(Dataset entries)
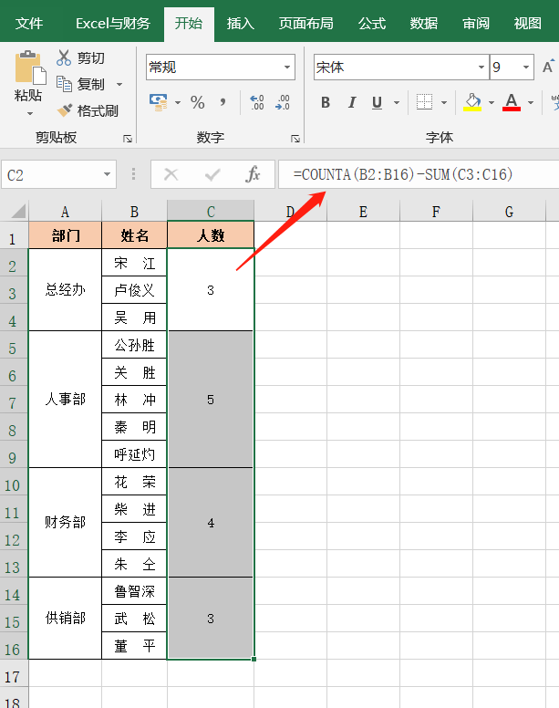 用法:首先选中所有合并单元格C2:C16区域,然后输入上面的公式,公式输入完成后按Ctrl+回车键确认公式,即可得到人数。
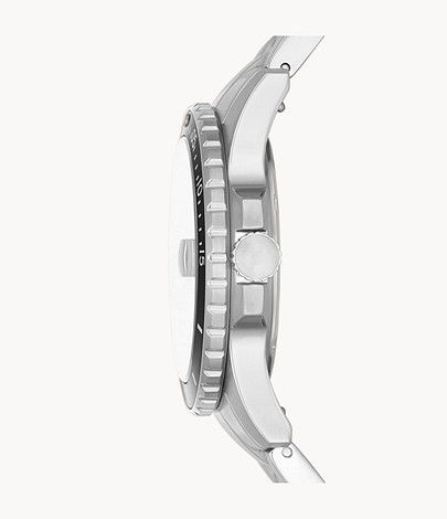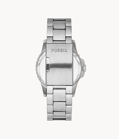 Boitier acier 42 mm, fond de cadran noir, index et aiguilles beige, boucle déployante, dateur
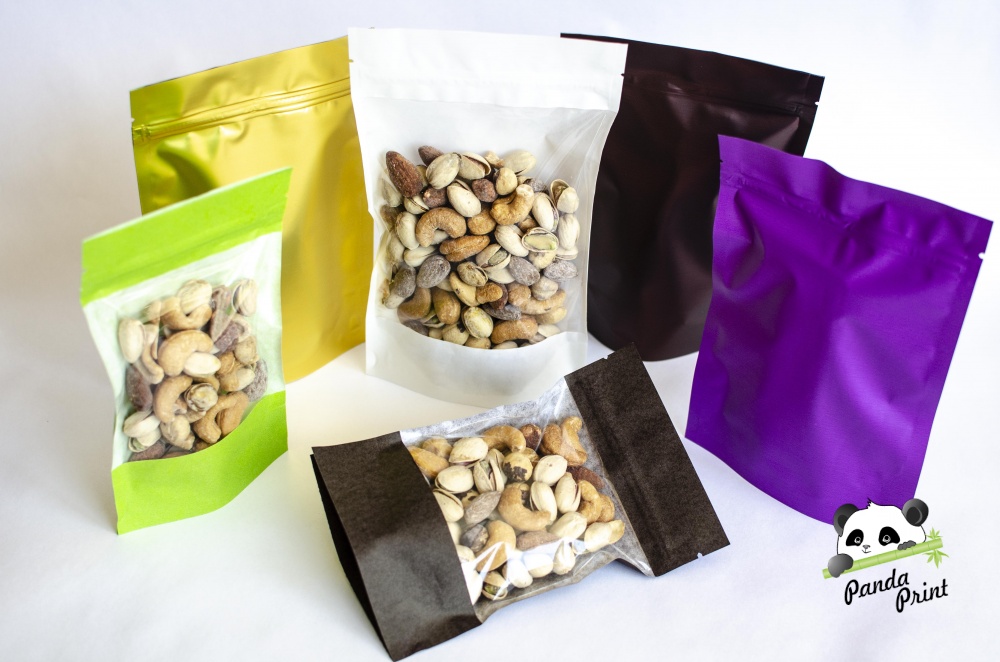 Пакет Дой-пак с ЗИП замком и прозрачным окошком 140 мм, материал Бумага/БОПП.
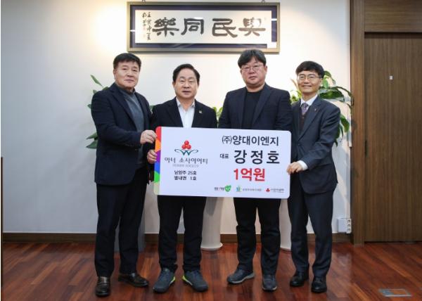 [한국뉴스타임=편집국] 남양주시는 22일 ㈜양대이엔지 강정호 대표가 1억 원 성금을 5년 약정 기부하며 남양주 25호(별내면 1호) 아너소사이어티 회원으로 가입했다고 밝혔다.
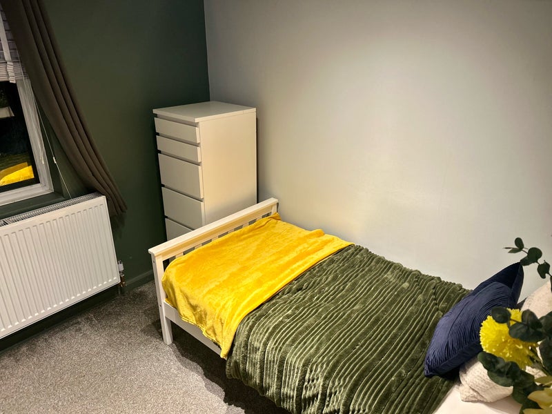Bright, well-presented single room available in a clean, professional home just 5 minutes from Farnborough Hospital.
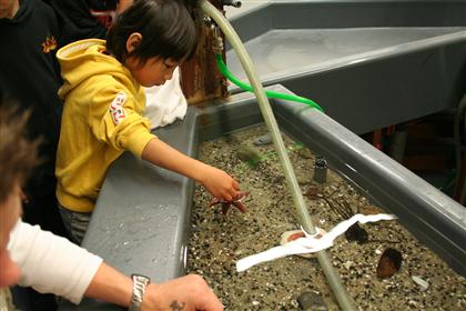 お兄ちゃんのお楽しみは、Touch Pool。カニやヤドカリ、ウニやヒトデに加えて、カレイの稚魚もいた。たしかにこの辺(オアスン海峡)はカレイが良く獲れる。地元の名産というところだ。なかなか、カレイが泳いでいるところって見たことが無いと思う。面白いよね。
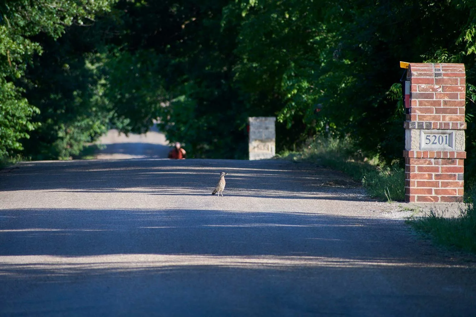 May 4, 2025 Sunday - This morning as we were walking down the road, this roadrunner was running back and forth across the road ahead of us. It disappeared into the brush. The dog at the end of the road came out to say hi. Zak did so much better than usual. He’s getting better. On the way back home, another bird was running across the road. I only got the top of his head over the top of a rise in the road.
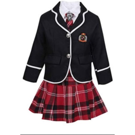 Uniforma școlară compusa din sacou, fustă, camașă și cravată.
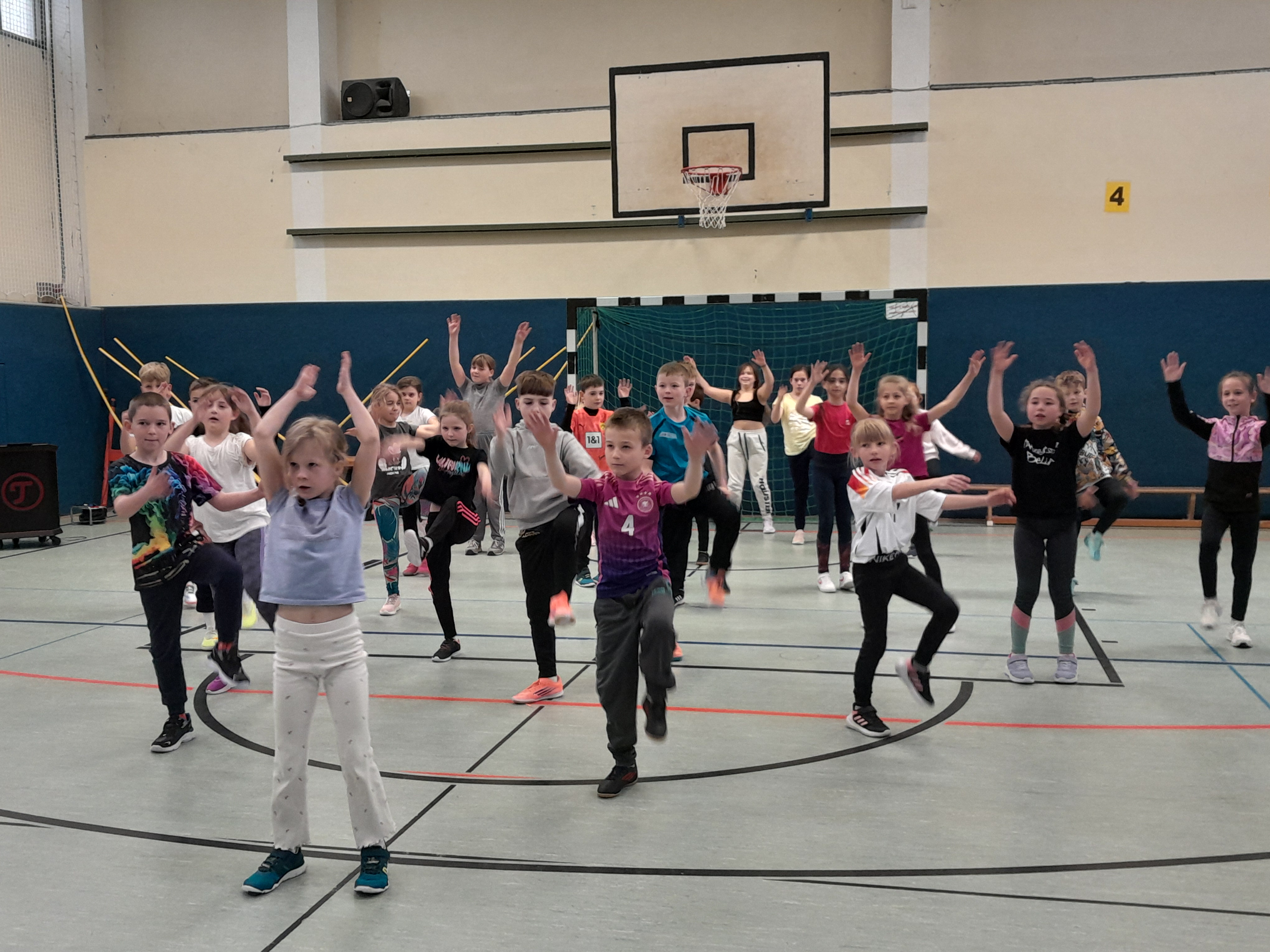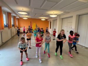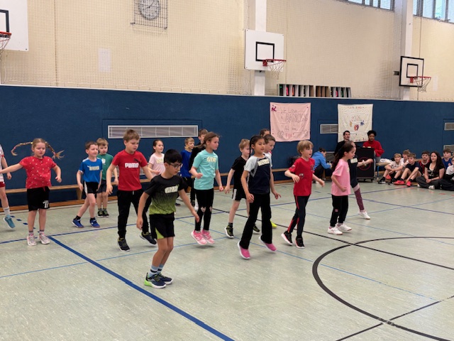 Schon früh am Morgen gingen die Klassen 1 bis 4 mit Begeisterung an den Start. Unterstützt von älteren Schülerinnen und Schülern der Klassen 5 und 6, die sie zuverlässig zu den Stationen begleiteten, meisterten die Jüngsten die Disziplinen Weitsprung, Weitwurf und Sprint mit Bravour.

REQUIRED WORK: All the records above must be retyped exactly, except for their pictures.

RESPONSE TO THE EXERCISE:
 用法:首先选中所有合并单元格C2:C16区域,然后输入上面的公式,公式输入完成后按Ctrl+回车键确认公式,即可得到人数。
 Boitier acier 42 mm, fond de cadran noir, index et aiguilles beige, boucle déployante, dateur
 Пакет Дой-пак с ЗИП замком и прозрачным окошком 140 мм, материал Бумага/БОПП.
 [한국뉴스타임=편집국] 남양주시는 22일 ㈜양대이엔지 강정호 대표가 1억 원 성금을 5년 약정 기부하며 남양주 25호(별내면 1호) 아너소사이어티 회원으로 가입했다고 밝혔다.
Bright, well-presented single room available in a clean, professional home just 5 minutes from Farnborough Hospital.
 お兄ちゃんのお楽しみは、Touch Pool。カニやヤドカリ、ウニやヒトデに加えて、カレイの稚魚もいた。たしかにこの辺(オアスン海峡)はカレイが良く獲れる。地元の名産というところだ。なかなか、カレイが泳いでいるところって見たことが無いと思う。面白いよね。
 May 4, 2025 Sunday - This morning as we were walking down the road, this roadrunner was running back and forth across the road ahead of us. It disappeared into the brush. The dog at the end of the road came out to say hi. Zak did so much better than usual. He’s getting better. On the way back home, another bird was running across the road. I only got the top of his head over the top of a rise in the road.
 Uniforma școlară compusa din sacou, fustă, camașă și cravată.
 Schon früh am Morgen gingen die Klassen 1 bis 4 mit Begeisterung an den Start. Unterstützt von älteren Schülerinnen und Schülern der Klassen 5 und 6, die sie zuverlässig zu den Stationen begleiteten, meisterten die Jüngsten die Disziplinen Weitsprung, Weitwurf und Sprint mit Bravour.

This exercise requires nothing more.